_Aim of the task_. Would you please transcribe the data in full and exactly, excluding images?

Start of Block

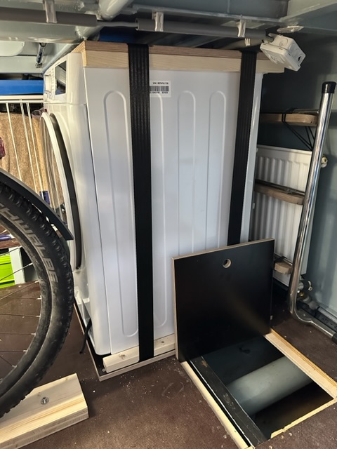 Christoph kümmerte sich zudem um die Waschmaschine und befestigte sie neu. Ich machte derweil die Umrandung vom Bett fertig.
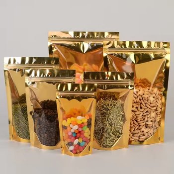 Bolsa dorada, bolsa transparente, bolsa de Mylar metálica de color superior abierta, bolsa de semillas para nueces, bolsa de patatas fritas, bolsa de fruta seca
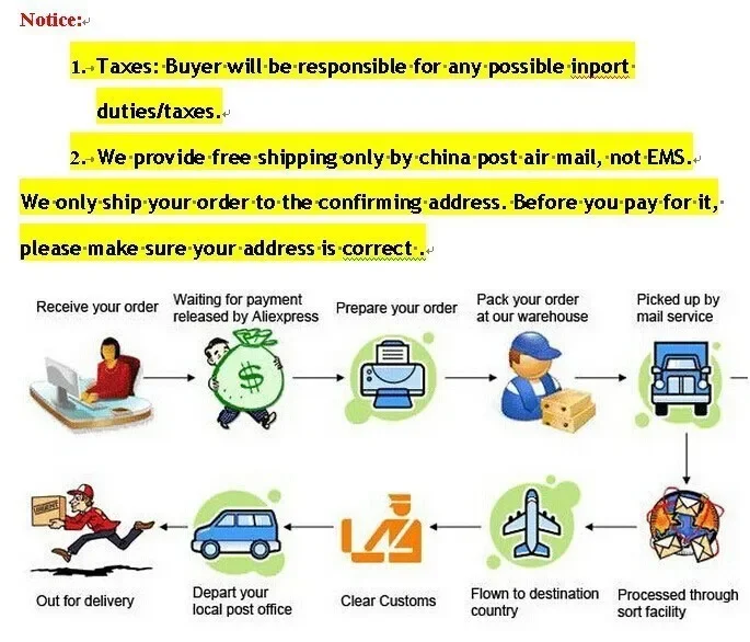 Due to different customs policies of different countries, there might be import duties, taxes and other customs related charges that should be paid by buyers. Buyers bear all responsibility for all extra charges incurred (if any).
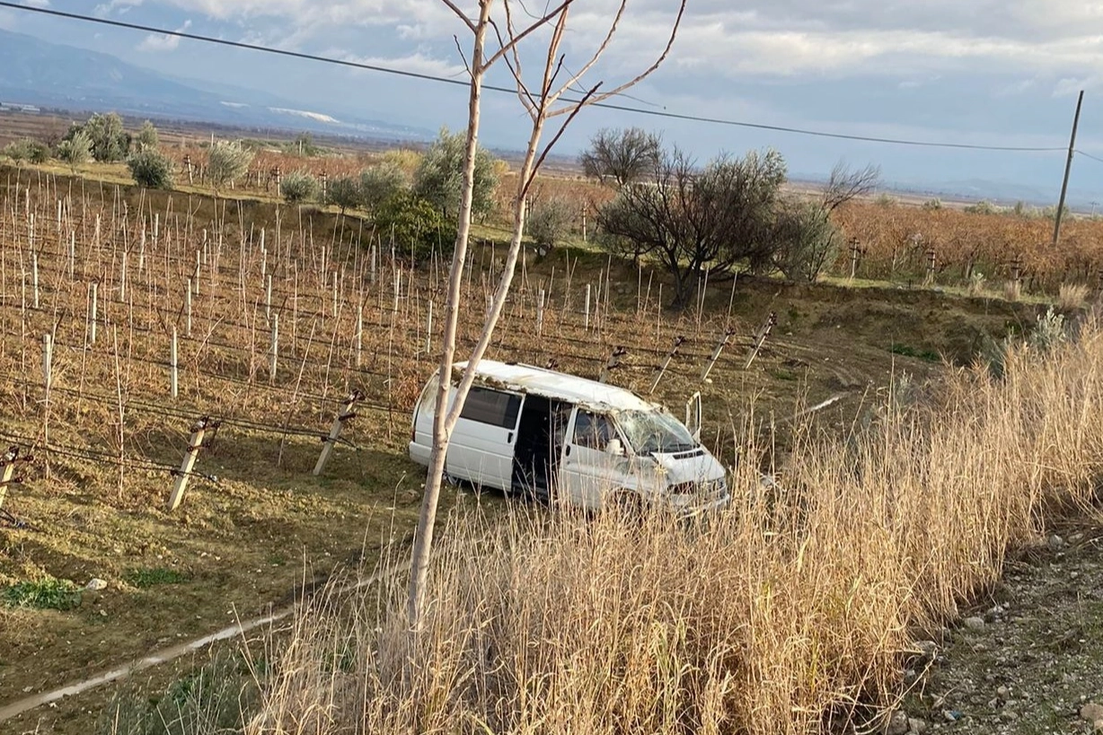 Denizli’nin Buldan ilçesinde sürücüsünün direksiyon hakimiyetini kaybetmesi sonucu kontrolden çıkan panelvan araç, yolun sağında bulunan üzüm bağlarına uçtu.
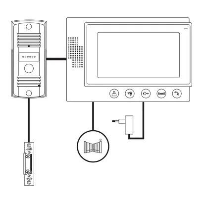 Jednoduchá sada videovrátného. Obraz je zobrazován na velký 7" barevný LCD. Přístroj je napájen pomocí přiloženého adaptéru na 12 V. Zařízení umožňuje obsluhu dveřního zámku a pojezdu brány. Výhody produktuVelký LCD displej, snadná instalace, jednoduchá obsluha, ovládání 2 vstupů.
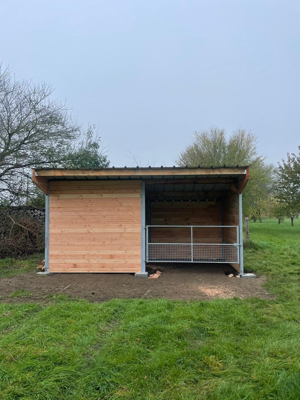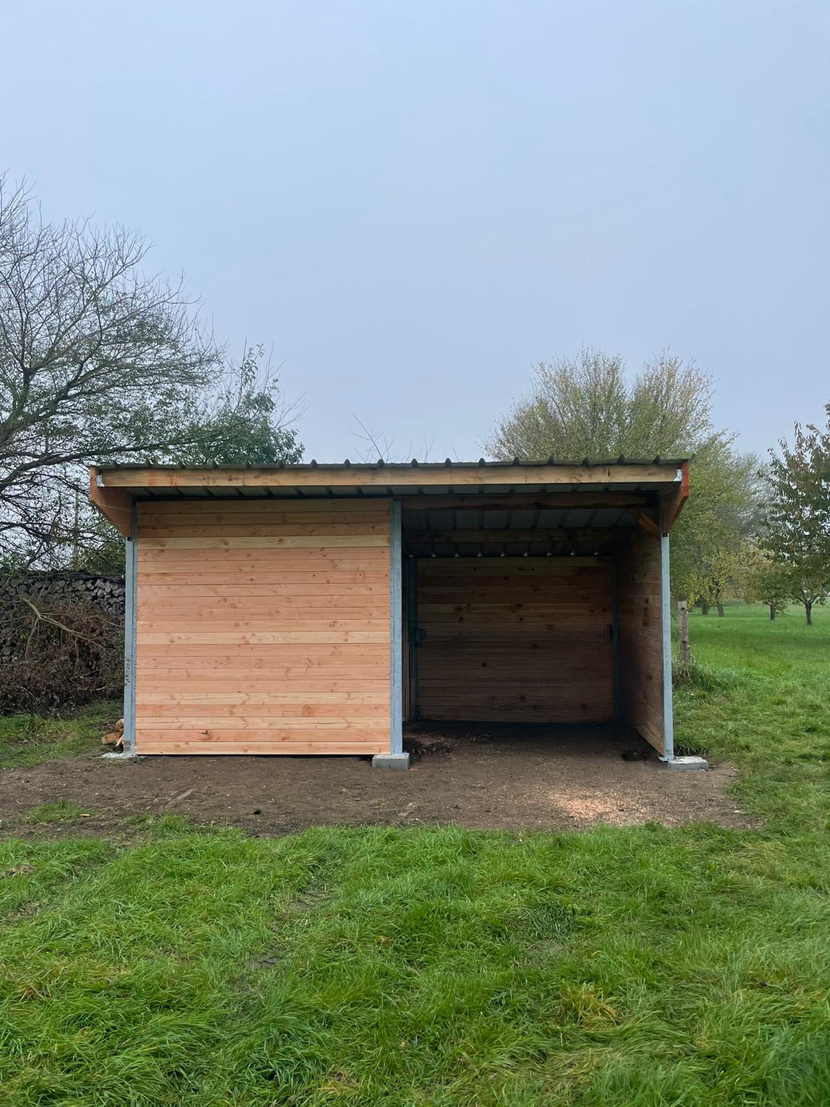 L’Abri avec retour PRO de LCI Cheval est conçu pour offrir à vos chevaux un espace d’abri généreux, fonctionnel et modulable. Il combine une structure robuste en bois Douglas français (classe III naturel), des poteaux métalliques avec platines intégrées, des parois de 48 mm d’épaisseur, avec la possibilité d’un retour central qui augmente la couverture latérale selon vos besoins.
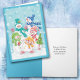The five brightly dressed and smiling snowmen on the front of this card seem quite happy....and why not? It's getting close to Christmas, and the sky is filled with white snowflakes! This delightful retro image is colourful, fun, and framed in pretty turquoise. The hats and scarves in blue, green, gold and red brighten the scene, and one little snowman holds a small green Holiday tree with a silver star and a candy cane bottom. Cute! The inside text is fully customisable, so you may personalise it or make it say whatever you'd like.
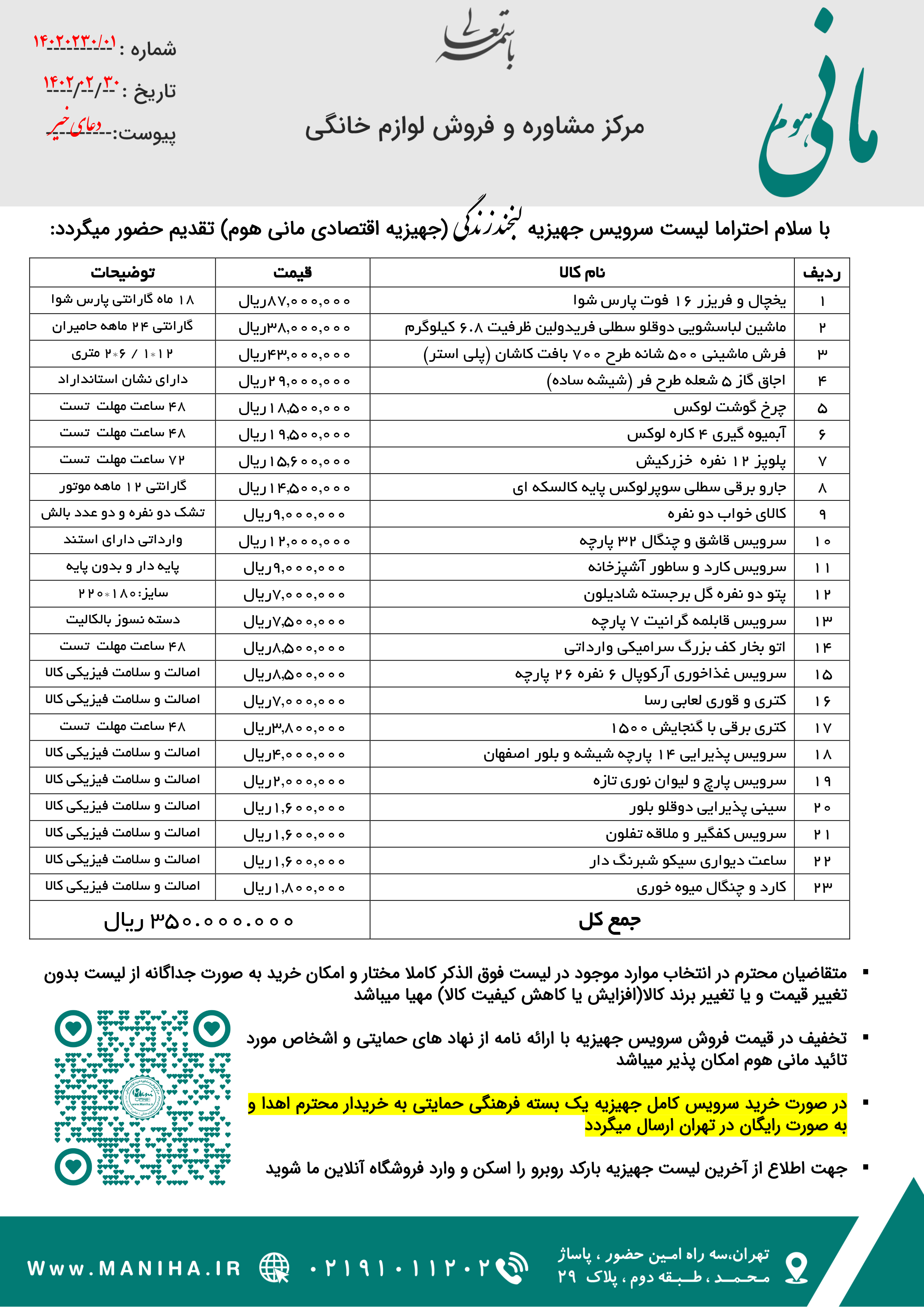 احتراما به استحضار خیرین گرانقدر و مشتریان عزیز میرساند با توجه به افزایش قیمت تمام شده ی برخی کالا ها لیست قیمت جهیزیه لبخند زندگی منتشر و به شرح زیر به اطلاع میرسد:
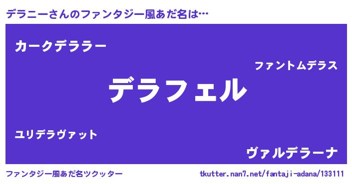 | 男性向けラノベタイトル風あだ名 | 『デラニーの憂鬱』『デラニースレイヤー』 |
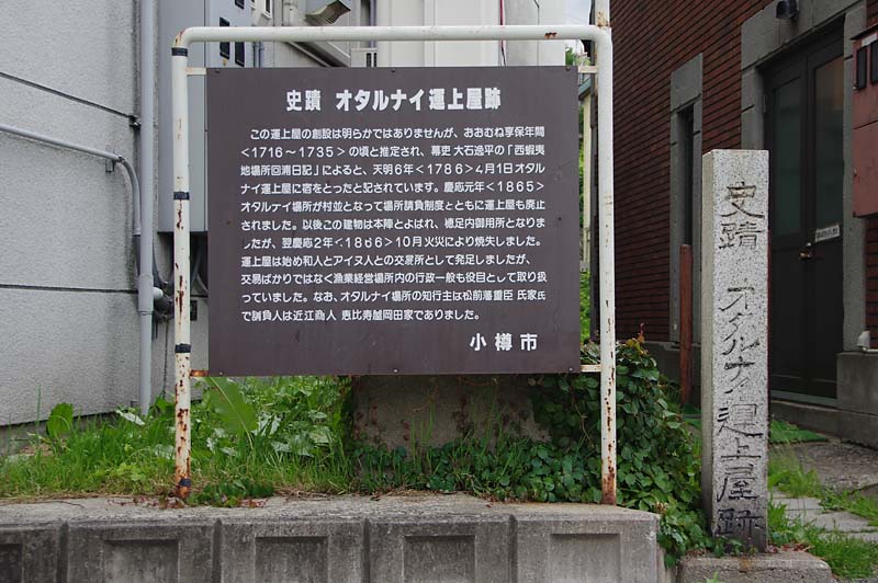 この地域には江差追分「忍路・高島及びもないがせめて歌棄・磯谷まで」にある高島と忍路、オタルナイの3ヶ所に運上屋があった。オタルナイ運上屋の設置時期は明らかではないが享保年間と考えられており、元々はヲタスツにあったらしい。知行主は松前藩重臣の氏家氏、場所請負人は恵比寿屋岡田家でしたが、1865年に場所請負制度の廃止後に本陣となるも、1866年の火災により建物は消失。メルヘン交差点そばに「史跡オタルナイ運上屋跡」の石柱と看板がある。明治以前はニシン場の中心にいたのが運上屋でした。◇記念碑:史跡脊柱と説明板 ◇所在地:小樽市堺町6 ◇G.Maps:43.191045, 141.007079

End of Block

_Written response_.
 Christoph kümmerte sich zudem um die Waschmaschine und befestigte sie neu. Ich machte derweil die Umrandung vom Bett fertig.
 Bolsa dorada, bolsa transparente, bolsa de Mylar metálica de color superior abierta, bolsa de semillas para nueces, bolsa de patatas fritas, bolsa de fruta seca
 Due to different customs policies of different countries, there might be import duties, taxes and other customs related charges that should be paid by buyers. Buyers bear all responsibility for all extra charges incurred (if any).
 Denizli’nin Buldan ilçesinde sürücüsünün direksiyon hakimiyetini kaybetmesi sonucu kontrolden çıkan panelvan araç, yolun sağında bulunan üzüm bağlarına uçtu.
 Jednoduchá sada videovrátného. Obraz je zobrazován na velký 7" barevný LCD. Přístroj je napájen pomocí přiloženého adaptéru na 12 V. Zařízení umožňuje obsluhu dveřního zámku a pojezdu brány. Výhody produktuVelký LCD displej, snadná instalace, jednoduchá obsluha, ovládání 2 vstupů.
 L’Abri avec retour PRO de LCI Cheval est conçu pour offrir à vos chevaux un espace d’abri généreux, fonctionnel et modulable. Il combine une structure robuste en bois Douglas français (classe III naturel), des poteaux métalliques avec platines intégrées, des parois de 48 mm d’épaisseur, avec la possibilité d’un retour central qui augmente la couverture latérale selon vos besoins.
The five brightly dressed and smiling snowmen on the front of this card seem quite happy....and why not? It's getting close to Christmas, and the sky is filled with white snowflakes! This delightful retro image is colourful, fun, and framed in pretty turquoise. The hats and scarves in blue, green, gold and red brighten the scene, and one little snowman holds a small green Holiday tree with a silver star and a candy cane bottom. Cute! The inside text is fully customisable, so you may personalise it or make it say whatever you'd like.
 احتراما به استحضار خیرین گرانقدر و مشتریان عزیز میرساند با توجه به افزایش قیمت تمام شده ی برخی کالا ها لیست قیمت جهیزیه لبخند زندگی منتشر و به شرح زیر به اطلاع میرسد:
 | 男性向けラノベタイトル風あだ名 | 『デラニーの憂鬱』『デラニースレイヤー』 |
 この地域には江差追分「忍路・高島及びもないがせめて歌棄・磯谷まで」にある高島と忍路、オタルナイの3ヶ所に運上屋があった。オタルナイ運上屋の設置時期は明らかではないが享保年間と考えられており、元々はヲタスツにあったらしい。知行主は松前藩重臣の氏家氏、場所請負人は恵比寿屋岡田家でしたが、1865年に場所請負制度の廃止後に本陣となるも、1866年の火災により建物は消失。メルヘン交差点そばに「史跡オタルナイ運上屋跡」の石柱と看板がある。明治以前はニシン場の中心にいたのが運上屋でした。◇記念碑:史跡脊柱と説明板 ◇所在地:小樽市堺町6 ◇G.Maps:43.191045, 141.007079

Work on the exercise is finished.